Q. Sir look at your affidavit. Paragraph seven, the first sentence you say, "Having received the letter there were concerns." do you see that in the first sentence?
A. Yes.
Q. You've said you received the letter on the morning of 29 June, correct?
A. Yes,
Q. Your concerns didn't arise until you received the letter. Because that was the report, correct?
A. Correct.
Q. Do you still maintain that Mr Michaels was engaged by the landlord after you received the letter?

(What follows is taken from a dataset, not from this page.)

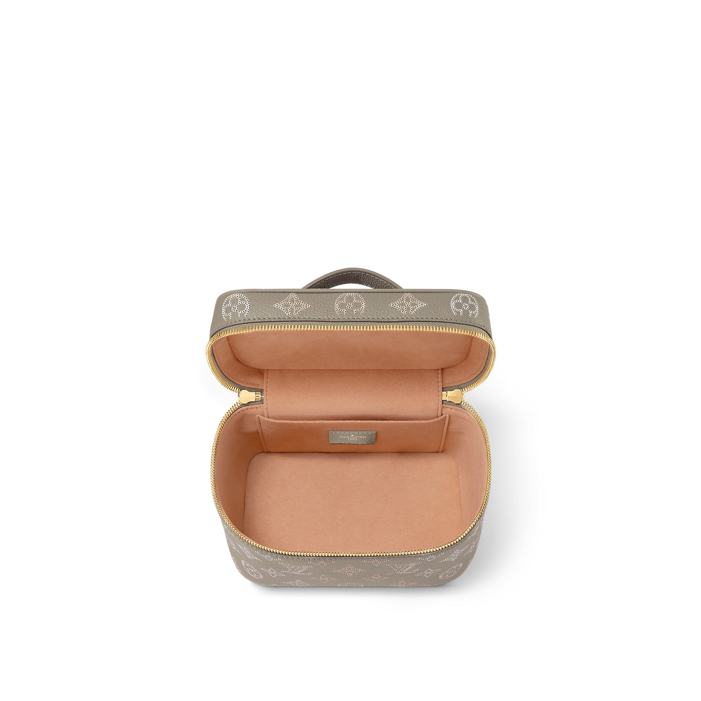 Compact and supple, the Nice Mini vanity case in Mahina perforated slips comfortably into most travel bags. Designed to hold toiletries and grooming essentials, the bag features a washable lining. The double-zip closure, actioned with LV-engraved metal pulls, keeps items secure.

HIS HONOUR: Well I think to be fair,
Q. As a consequence of the letter
A. He was engaged as a consequence of the letter, yes.
HENRY
Q. That's absurd isn't it?
A. No its not.
Q. Have a look at this email?
A. Because we were aware of~
Q. I didn't ask you why. I just said, "That's absurd" and you disagree, have a look at this email on 28 June at 12.22. Do you see it?
A. Yes.
Q. Were you involved in any discussions with Chris Michaels on the morning of 28 June 2011?
A. I wasn't personally."
  1. Mr Drivas was then asked about the retainer on 28 June of Tyrells Property Inspections to make a technical report on the premises. There were these questions and answers:

"Q. Do you say that the retainer of Tyrells - was also a consequence of your receipt of the letter from Mr Molluso of 28 June?
A. It was a consequence of the understanding that the dye test was done.

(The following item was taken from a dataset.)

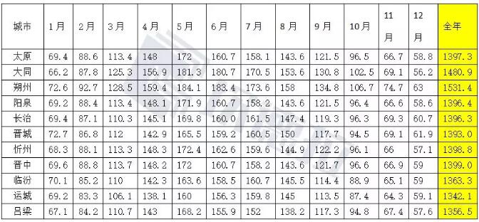 ▼山西地級(jí)市太陽輻射情況匯總表(水平面)
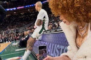 庫茲馬女友、知名模特Winnie Harlow也出現在場邊觀戰,還時不時拿出手機給場上的庫茲馬拍照。她在賽后更新社媒,曬出了觀賽的照片,并寫道:“在戀愛里上頭了。”

Q. Yes, which you learned about on the morning of the 29th, yes?
A. No, I learnt about the dye test on the day, the 28th
Q. You didn't learn about the outcome of it though until the following morning did you?
A. No, well he told me that the dye didn't go through and that therefore it's not connected and subsequent to that, we received the letter the next morning, a copy of the letter.

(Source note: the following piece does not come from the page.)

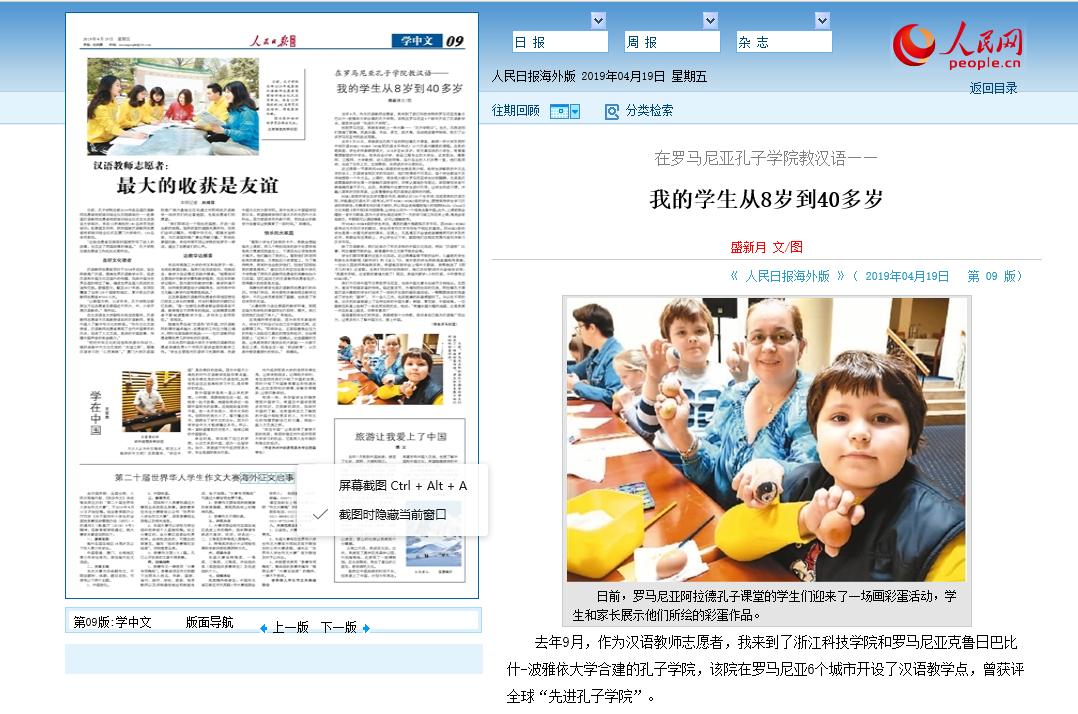 419日出版的人民日报海外版刊登《在罗马尼亚孔子学院教汉语——我的学生从8岁到40多岁》一文,这是我校罗马尼亚克鲁日孔院教师志愿者盛新月(上图二中)根据自己从事孔院志愿者工作的经历所写的。盛新月是我校16级汉语国际教育专业硕士,2017年7通过国家汉办选拔赴印尼八华学校(印尼最大的三语国际学校)担任志愿者,去年9月前往克鲁日孔子学院任汉语教师。

Q. What time do you say you spoke to Mr Molluso?
A. I can't recall. It was some time during the - from - the morning.
Q. In the morning?
A. Well, like I can't remember
Q. Some time before twelve, was it?
A. Yeah, it was before twelve.
Q. I'm sorry I don't have multiple copies of this but perhaps if I could just show the witness and we can have copies made. This you should see sir, is a tax invoice from Smart Plumbing Solutions, dated 28 June 2011, do you see that?
A. So the sheet, yeah
Q. Have you seen that document before?
A. I have.
Q. You have?
A. I have.
Q. That was provided to you, was it by - or on behalf of at least Mr Molluso?
A. Attached to a tax invoice, yeah.
Q. This is the invoice for the work he's performed?
A. Mm-hmm
Q. On 28 June, yes?
A. Yes.
Q. You'll see that there's a time sheet?
A. Yes.
Q. And it says that he started and there was a start time of 8am, do you see that?
A. Yes.
Q. A finish time of 3pm, do you see that?
A. Yes
Q. And that he was there working for seven hours?
A. Yes
Q. You say do you that although you don't refer to it in ;your affidavit, you had a conversation with Mr Molluso between twelve and 12.22 on 28 June, is that right?
A. It was around - up until 12 o'clock. I can't remember exactly what time. It was a bit -
Q. So now it's before twelve, is it?
A. Yeah it was a bit - before 12.22 definitely because we would then commission these consultants until after we found.
Q. You are just making this up?
A. No, I'm not.
Q. If you had've had a conversation with Mr Molluso, it would've been recorded in you affidavit wouldn't it?
A. I could not recall at the time that I did the affidavit. Whether I spoke - what time I spoke to and whether I spoke to him. I couldn't recall the contents of that day.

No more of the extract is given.